Write every line below out again exactly, images omitted.

Data =>
<<<<

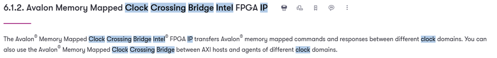 My question is: does Platform Designer provide an interconnect mechanism (similar to Xilinx AXI interconnects) that allows connecting AXI master and slave interfaces in different clock domains and automatically handles the required CDC logic? Or is explicit CDC handling required at the AXI slave interface level for this use case? Any guidance or best practices would be greatly appreciated.
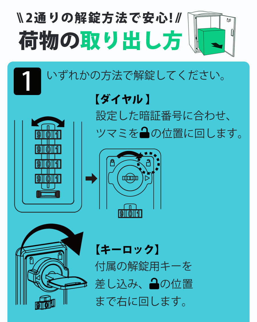 付属品 | ダイヤル南京錠×1、解錠用キー×2、ワイヤー×1、固定用アンカー×4、配達員説明用マグネットシート×1、取扱説明書×1 |
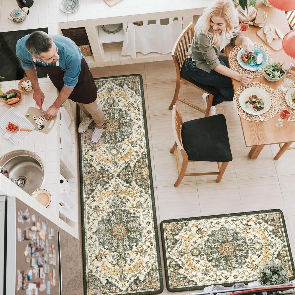 Comfortable Non-Slip Anti-Fatigue Mats for Kitchen - 17.3'' x 59'' & 17'' x 29'' ‹ › ‹ › ‹ › ‹ › ‹ › ‹ › ‹ › ‹ › ‹ › ‹ › ‹ › Comfortable Non-Slip Anti-Fatigue Mats for Kitchen Dimensions: 17.3'' x 59'' & 17'' x 29'' Features: Ergonomically designed with a 0.47-inch (12mm) thick anti-fatigue memory foam center for ultimate comfort. Two-piece set: Includes one 17 x 59 inches and one 17 x 29 inches mat, ideal for versatile use in overlapping areas. Made from eco-friendly materials: Phthalate-free, latex-free, and odor-free, safe for children and pets. Padded non-slip bottom ensures stability on both hard and carpeted floors, protecting you from slips and falls. Beveled edges prevent tripping hazards, promoting safety in the kitchen and beyond. Waterproof, oilproof, and stain-resistant; easy to maintain by simply wiping down with a damp cloth or vacuuming. Benefits: Provides superior comfort and support for long periods of standing, reducing fatigue for feet, back, and legs. Stylish boho design complements your kitchen decor with central medallion and floral motifs. Versatile usage in kitchens, laundry rooms, offices, bathrooms, dining rooms, or any high-traffic areas. Enhances your cooking experience, enabling you to enjoy more time creating in your kitchen. Why choose our Anti-Fatigue Mats? Transform your cooking space and elevate your comfort with our Comfortable Non-Slip Anti-Fatigue Mats. Crafted with a thick memory foam core, they provide unparalleled support, allowing you to stand longer without discomfort. Enjoy peace of mind with their non-slip bottom and beveled edges, ensuring safety while enhancing your kitchen experience. From striking aesthetics to top-notch functionality, our mats are not only a practical addition to your home but also a stylish statement piece. Step onto blissful comfort today and indulge in a relaxed kitchen atmosphere – because every moment spent cooking should be both enjoyable and safe. Shipping Free & Fast Shipping - We offer free shipping to most of the USA with a normal delivery time of 3-7 days. However, due to the current situation, additional delivery time (up to 3 weeks) may be required for some items. Alternative Carriers - We may use alternative carriers (e.g. USPS, FedEx, UPS, etc.) to ensure your package arrives safely and on time. Due to the use of multiple carriers, we are unable to provide a tracking number automatically. Handling Time - Orders are processed and shipped within 1-2 business days of receiving cleared payment. Shipping Restrictions - Shipping to Alaska, Hawaii, Puerto Rico, Guam, and other US territories may incur shipping charges or delivery restrictions. Please contact us before ordering, or your order can be refunded/cancelled. State Restrictions - There may be restrictions based on your state of purchase. For example, certain items may not be shipped to California due to state regulations. Contact for Tracking Updates - If you require tracking updates or have any concerns about the delivery of your order, please feel free to contact us, and we will be happy to assist you. Return 30-Day Hassle-Free Returns - We want you to be completely satisfied with your purchase. If you are not, you can return the item within 30 days of receiving it for a full refund or exchange. Easy Return Process - To start a return, simply contact us and we will provide you with a prepaid return shipping label and detailed instructions. Restocking Fee - There are no restocking fees for returns. However, the buyer is responsible for return shipping costs if the return is not due to a seller's error. Refund Processing Time - Refunds will be processed within 5 business days of receiving the returned item in its original condition. Payment We accept all major credit cards, PayPal, and Apple Pay for your convenience. Your payment information is secure and encrypted to ensure a safe and seamless transaction. Please complete your payment within 3 days of purchase to avoid any delays in shipping. Feedback Your feedback is extremely important to us. We strive to provide the best products and customer service possible. If you are satisfied with your purchase, please take a moment to leave us a positive review. If you have any concerns or issues with your order, please contact us before leaving negative feedback. We are committed to resolving any problems and ensuring your satisfaction. Contact Us If you have any questions or concerns, please feel free to reach out to our customer support team. You can contact us through the eBay messaging system. We are available Monday to Friday, 9:00 am to 5:00 pm EST, and we will do our best to respond to your inquiry within 24 hours. Buy it now and enjoy a pleasant shopping experience! UPC: Not Set Unit Quantity: 5.96 Room: Bathroom,Dining Room,Kitchen,Laundry,Office Material: PVC,Rubber Features: Non-Slip,Stain Resistant,Waterproof Department: Kids,Teens,Adults Theme: Floral Brand: Unbranded Type: Kitchen Mat Color: Green/Yellow/Multi Pattern: Floral Shape: Rectangle Item Width: Not Set Item Length: 29 in MPN: Not Set Model: Not Set Size: 17.3 x 59 in Style: Boho Pile Height: 0.47 Regional Design: Not Set Country/Region of Manufacture: Not Set Pile Type: Normal Weave: Machine-Woven Era: 21st Century (2000-Now) Unit Type: lb Personalize: Not Set Personalized: Not Set
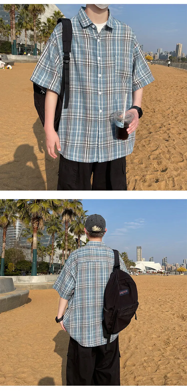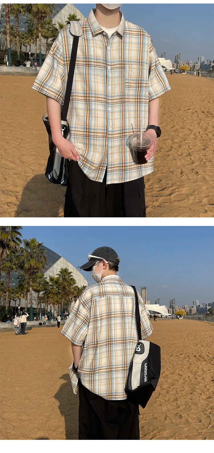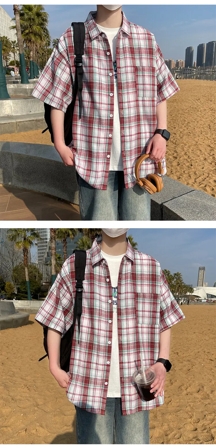 BONSIR - Summer Large Size Men Oversized Shirts Fashion Hip Hop Short Sleeved Loose Man Shirt Plaid Print Single Pocket Casual Mens Shirt
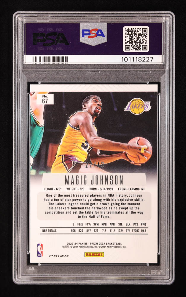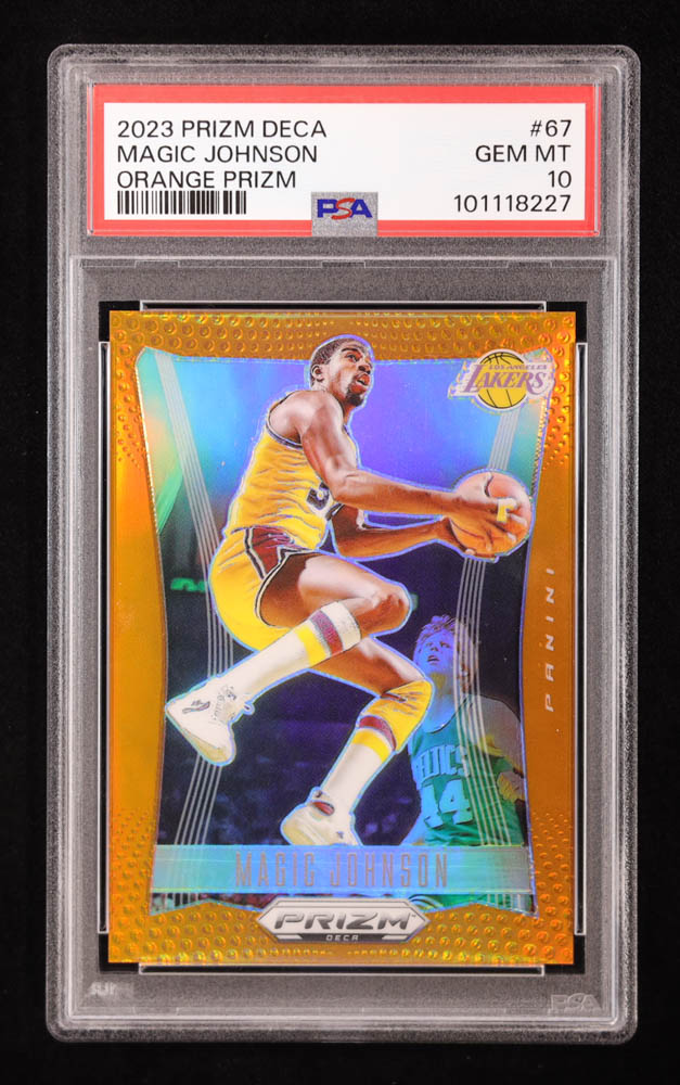 Magic Johnson 2023-24 Panini Prizm Deca Prizms Orange #67 #22/49 (PSA 10)

>>>>

The answer =>
 My question is: does Platform Designer provide an interconnect mechanism (similar to Xilinx AXI interconnects) that allows connecting AXI master and slave interfaces in different clock domains and automatically handles the required CDC logic? Or is explicit CDC handling required at the AXI slave interface level for this use case? Any guidance or best practices would be greatly appreciated.
 付属品 | ダイヤル南京錠×1、解錠用キー×2、ワイヤー×1、固定用アンカー×4、配達員説明用マグネットシート×1、取扱説明書×1 |
 Comfortable Non-Slip Anti-Fatigue Mats for Kitchen - 17.3'' x 59'' & 17'' x 29'' ‹ › ‹ › ‹ › ‹ › ‹ › ‹ › ‹ › ‹ › ‹ › ‹ › ‹ › Comfortable Non-Slip Anti-Fatigue Mats for Kitchen Dimensions: 17.3'' x 59'' & 17'' x 29'' Features: Ergonomically designed with a 0.47-inch (12mm) thick anti-fatigue memory foam center for ultimate comfort. Two-piece set: Includes one 17 x 59 inches and one 17 x 29 inches mat, ideal for versatile use in overlapping areas. Made from eco-friendly materials: Phthalate-free, latex-free, and odor-free, safe for children and pets. Padded non-slip bottom ensures stability on both hard and carpeted floors, protecting you from slips and falls. Beveled edges prevent tripping hazards, promoting safety in the kitchen and beyond. Waterproof, oilproof, and stain-resistant; easy to maintain by simply wiping down with a damp cloth or vacuuming. Benefits: Provides superior comfort and support for long periods of standing, reducing fatigue for feet, back, and legs. Stylish boho design complements your kitchen decor with central medallion and floral motifs. Versatile usage in kitchens, laundry rooms, offices, bathrooms, dining rooms, or any high-traffic areas. Enhances your cooking experience, enabling you to enjoy more time creating in your kitchen. Why choose our Anti-Fatigue Mats? Transform your cooking space and elevate your comfort with our Comfortable Non-Slip Anti-Fatigue Mats. Crafted with a thick memory foam core, they provide unparalleled support, allowing you to stand longer without discomfort. Enjoy peace of mind with their non-slip bottom and beveled edges, ensuring safety while enhancing your kitchen experience. From striking aesthetics to top-notch functionality, our mats are not only a practical addition to your home but also a stylish statement piece. Step onto blissful comfort today and indulge in a relaxed kitchen atmosphere – because every moment spent cooking should be both enjoyable and safe. Shipping Free & Fast Shipping - We offer free shipping to most of the USA with a normal delivery time of 3-7 days. However, due to the current situation, additional delivery time (up to 3 weeks) may be required for some items. Alternative Carriers - We may use alternative carriers (e.g. USPS, FedEx, UPS, etc.) to ensure your package arrives safely and on time. Due to the use of multiple carriers, we are unable to provide a tracking number automatically. Handling Time - Orders are processed and shipped within 1-2 business days of receiving cleared payment. Shipping Restrictions - Shipping to Alaska, Hawaii, Puerto Rico, Guam, and other US territories may incur shipping charges or delivery restrictions. Please contact us before ordering, or your order can be refunded/cancelled. State Restrictions - There may be restrictions based on your state of purchase. For example, certain items may not be shipped to California due to state regulations. Contact for Tracking Updates - If you require tracking updates or have any concerns about the delivery of your order, please feel free to contact us, and we will be happy to assist you. Return 30-Day Hassle-Free Returns - We want you to be completely satisfied with your purchase. If you are not, you can return the item within 30 days of receiving it for a full refund or exchange. Easy Return Process - To start a return, simply contact us and we will provide you with a prepaid return shipping label and detailed instructions. Restocking Fee - There are no restocking fees for returns. However, the buyer is responsible for return shipping costs if the return is not due to a seller's error. Refund Processing Time - Refunds will be processed within 5 business days of receiving the returned item in its original condition. Payment We accept all major credit cards, PayPal, and Apple Pay for your convenience. Your payment information is secure and encrypted to ensure a safe and seamless transaction. Please complete your payment within 3 days of purchase to avoid any delays in shipping. Feedback Your feedback is extremely important to us. We strive to provide the best products and customer service possible. If you are satisfied with your purchase, please take a moment to leave us a positive review. If you have any concerns or issues with your order, please contact us before leaving negative feedback. We are committed to resolving any problems and ensuring your satisfaction. Contact Us If you have any questions or concerns, please feel free to reach out to our customer support team. You can contact us through the eBay messaging system. We are available Monday to Friday, 9:00 am to 5:00 pm EST, and we will do our best to respond to your inquiry within 24 hours. Buy it now and enjoy a pleasant shopping experience! UPC: Not Set Unit Quantity: 5.96 Room: Bathroom,Dining Room,Kitchen,Laundry,Office Material: PVC,Rubber Features: Non-Slip,Stain Resistant,Waterproof Department: Kids,Teens,Adults Theme: Floral Brand: Unbranded Type: Kitchen Mat Color: Green/Yellow/Multi Pattern: Floral Shape: Rectangle Item Width: Not Set Item Length: 29 in MPN: Not Set Model: Not Set Size: 17.3 x 59 in Style: Boho Pile Height: 0.47 Regional Design: Not Set Country/Region of Manufacture: Not Set Pile Type: Normal Weave: Machine-Woven Era: 21st Century (2000-Now) Unit Type: lb Personalize: Not Set Personalized: Not Set
 BONSIR - Summer Large Size Men Oversized Shirts Fashion Hip Hop Short Sleeved Loose Man Shirt Plaid Print Single Pocket Casual Mens Shirt
 Magic Johnson 2023-24 Panini Prizm Deca Prizms Orange #67 #22/49 (PSA 10)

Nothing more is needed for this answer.